In a written statement, Elford called the Clearlake ordinance “extremely cruel” as well as illegal.
“Both the state electorate and legislature have stated that medical marijuana patients may cultivate the medicine they need for their personal medical use,” he said. “This ordinance conflicts with both the spirit and letter of California law, so it should be struck down as preempted by those laws.”
If he doesn't win in Lake County Superior Court, Elford indicated in his statement that he intends to appeal the ruling to the First Appellate District.
That court is not bound by the Third Appellate District decision in Maral v. City of Live Oak, which upheld the Sacramento Valley city of Live Oak to ban medical marijuana cultivation. The city was sued by patient James Maral.
A year ago this month, the California Supreme Court denied a petition filed by Elford to hear the Maral case, upholding the Third Appellate District decision.
In a March 2014 statement on the Supreme Court’s petition denial, Cal NORML said that the Maral decision didn't preclude the possibility of future challenges to cultivation bans in another appellate district, but the organization noted that plaintiffs in such cases would face difficult odds in light of the Supreme Court decision not to hear the Maral suit.
The Spittler case is the third suit Elford has filed in Lake County on behalf of marijuana patients.

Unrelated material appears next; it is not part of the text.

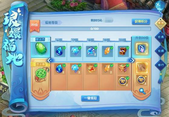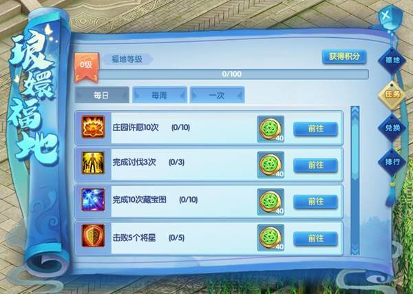 琅嬛福地发布每日任务、每周任务和一次性任务,完成任务可获得琅嬛积分,升级福地等级,获取大量奖励,50波不同奖励,让你天天有惊喜!
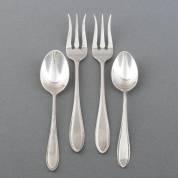 Paar 2e gehalte zilveren zuurvorkjes, en twee 2e gehalte zilveren lepeltjes, verschillend in afmeting, alle puntfilet, gewicht 106 gram, vorken 14 cm -vorken verso met familiewapen-

Currently, he is representing a group of plaintiffs who sued the county of Lake last year over former Sheriff Frank Rivero's warrantless searches of properties in the Clearlake Oaks and Spring Valley areas and abatement of marijuana grows found there.
Elford also sued the county of Lake in 2012 on behalf of Don Merrill and three anonymous plaintiffs over an interim marijuana cultivation ordinance, which resulted in a temporary injunction that delayed the ordinance's implementation to the start of 2013.
In the spring of 2013, the county filed a motion to dismiss the case, which was dropped that June. A local judge ruled later in the year that Merrill was not entitled to the more than $155,000 in legal fees that court documents indicated he was seeking.
In related news, a signature gathering effort has reportedly been under way since the city of Clearlake's marijuana cultivation ordinance was passed in order to place a referendum on the city ballot.
Phillipe said she was notified by referendum proponents of the effort. She said they have until 5 p.m. Thursday, March 26, to submit the necessary petitions.